# Work required
The material below holds pictures, which are to be left out; copy exactly the lines from the one with "Symbols of vulvas" through the one with "Danish poet J. Blicher-Clausen".

# Source information
/---

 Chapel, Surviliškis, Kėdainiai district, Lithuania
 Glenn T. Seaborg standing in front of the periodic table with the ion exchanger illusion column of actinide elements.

\---
/---

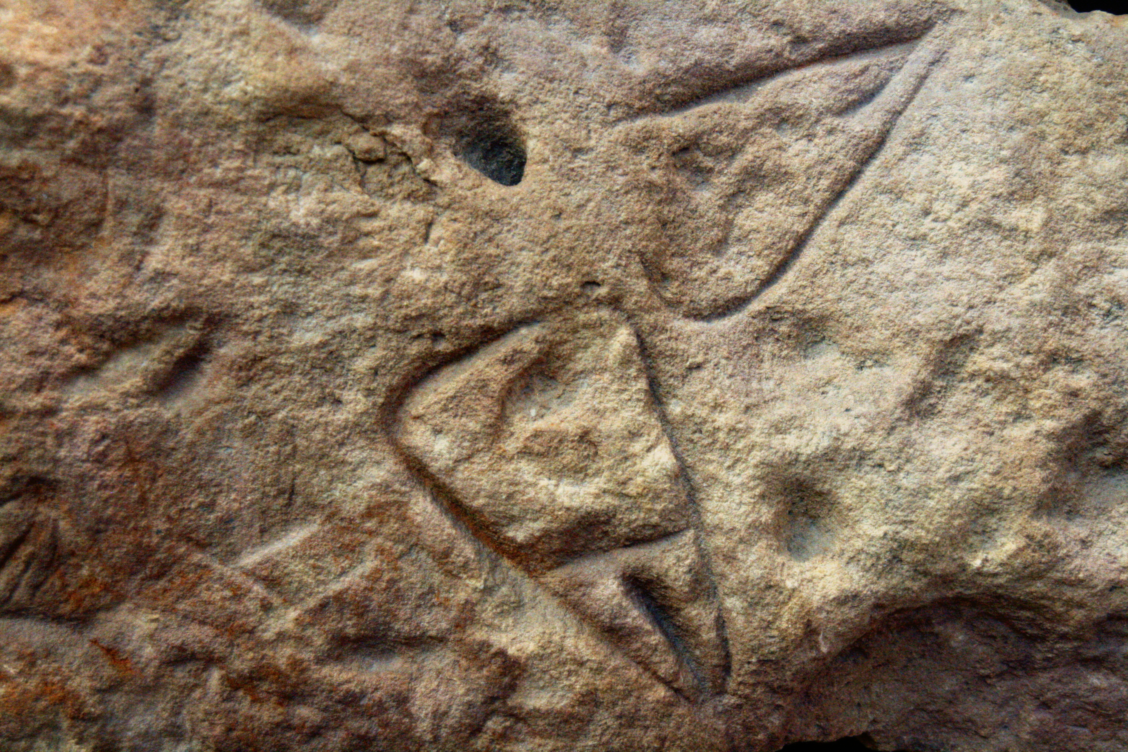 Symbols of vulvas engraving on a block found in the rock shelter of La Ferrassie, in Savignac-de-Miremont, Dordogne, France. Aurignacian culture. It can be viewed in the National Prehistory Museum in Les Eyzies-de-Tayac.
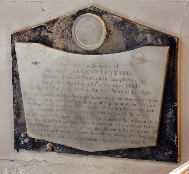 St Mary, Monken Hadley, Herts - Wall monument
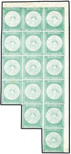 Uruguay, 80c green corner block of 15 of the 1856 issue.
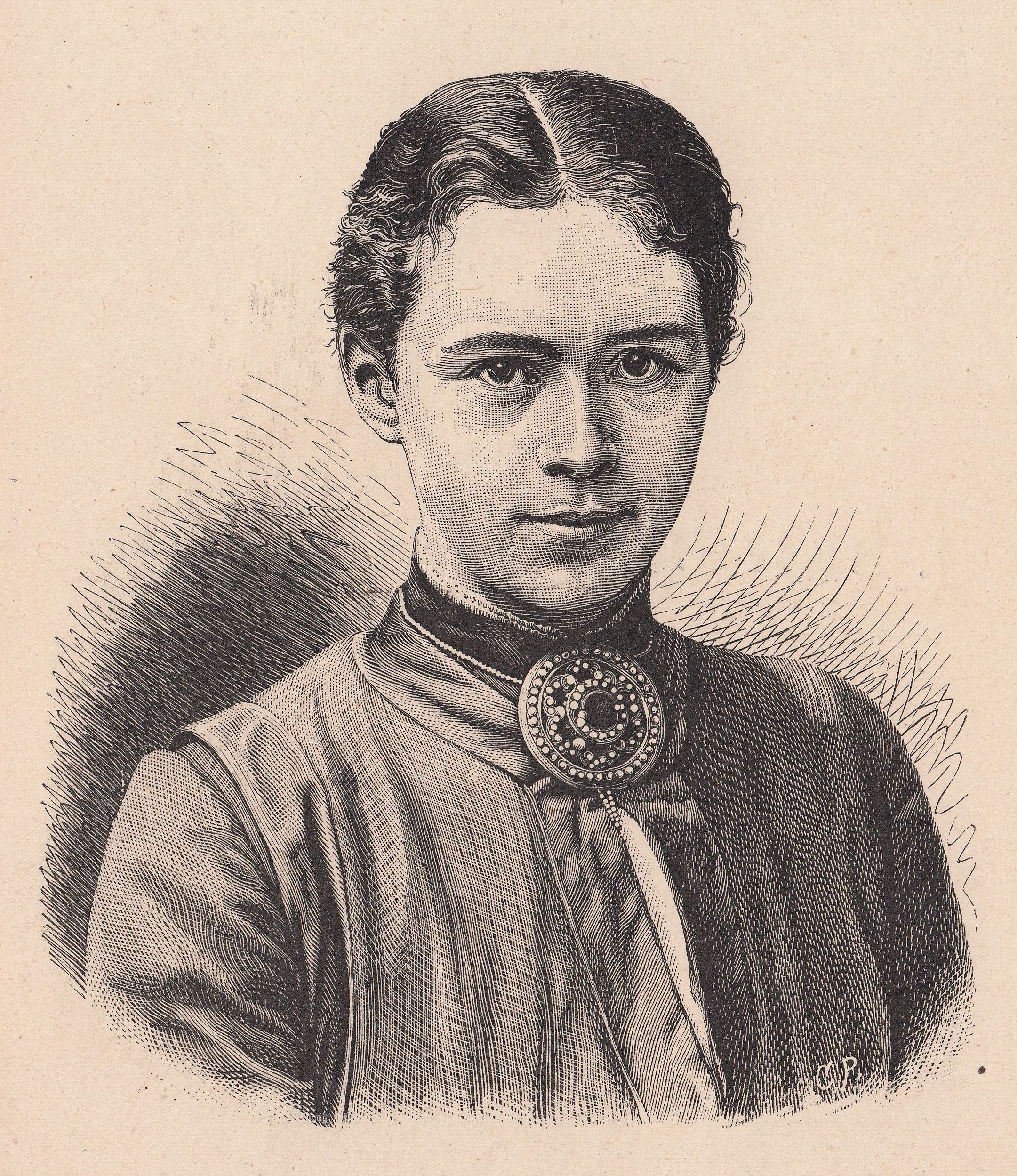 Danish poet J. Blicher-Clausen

\---

# Task response
 Symbols of vulvas engraving on a block found in the rock shelter of La Ferrassie, in Savignac-de-Miremont, Dordogne, France. Aurignacian culture. It can be viewed in the National Prehistory Museum in Les Eyzies-de-Tayac.
 St Mary, Monken Hadley, Herts - Wall monument
 Uruguay, 80c green corner block of 15 of the 1856 issue.
 Danish poet J. Blicher-Clausen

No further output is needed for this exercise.